Net income for the fourth quarter, which ended Sept. 30, was $27.9 million compared with $31.3 million in 2011.
In year-round figures, total sales increased 12.5% to $2.04 billion in 2012 from $1.82 billion in 2011. Existing market sales increased 6.3% (7.6% based on the same number of business days). Residential and non-residential roofing product sales in existing markets increased 11.8% and 2.3%, respectively, while complementary product sales declined 0.4%. Annual sales were favorably impacted by increased re-roofing and remodeling activities in the first half of the this year, including the impact from improved weather conditions and stronger business in several markets that experienced significant storms during the course of last fiscal year, and by higher average selling prices.

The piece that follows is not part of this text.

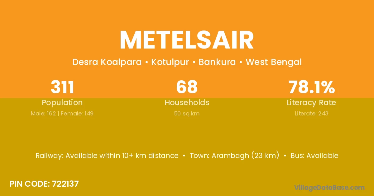 Arambagh (23 km) is the nearest town to Metelsair village for major economic activities and is located approximately 23 km away.

Annual net income was $75.6 million in 2012 compared with $59.2 million in 2011.
Paul Isabella, president and CEO of the Peabody, Mass.-based company, said in a prepared statement: "We are very pleased with our record quarter and annual 2012 results, which exceeded our expectations. Our total sales benefited from the positive impact of acquisitions and from a 6% increase in existing market sales for the year. The adjusted fourth-quarter net income exceeded last year’s adjusted net income, even though we were facing a very challenging comparison to last year’s fourth quarter, when there were substantial roofing activities from hail storms. We are confident in the long-term growth opportunities available in our industry and are actively investing to realize those opportunities, such as with our most recent acquisition of McClure-Johnston."
LP to Buy Canfor’s share in OSB joint venture
Louisiana-Pacific Corp. has entered into an agreement with Canfor Corp. to acquire Canfor’s 50% share in the Peace Valley Oriented Strand Board (OSB) joint venture in Fort St. John, British Columbia. By completing this acquisition, LP will become the sole owner of the Peace Valley OSB mill.
“The Peace Valley mill has been a safe, productive and important part of our OSB strategy for the past seven years,” LP CEO Curt Stevens said. “The mill will continue to play an important role in LP as the housing market rebounds.”
The purchase price is estimated at C$75 million, including working capital. In addition, Canfor may receive additional annual consideration over a three-year period based on Peace Valley OSB’s annual EBITDA.
LP and Canfor currently jointly run the mill, with LP providing operational support while Canfor provides labor, fiber resource management and administrative services. LP already sells 100% of the product made there under the LP brand, so customers will see no change in product quality or service.
Once the agreement closes, Canfor will continue to provide fiber resource management and temporarily provide administrative services during the transition.
The completion of this transaction is expected to occur by the end of this year, but is subject to the parties agreeing to final terms and conditions, the completion of due diligence, obtaining necessary regulatory approvals and the execution of definitive agreements.
The Peace Valley mill has an annual production capacity of 820 million sq. ft. of OSB. It currently operates three shifts with plans to add a fourth shift in the first quarter of 2013 depending on market conditions.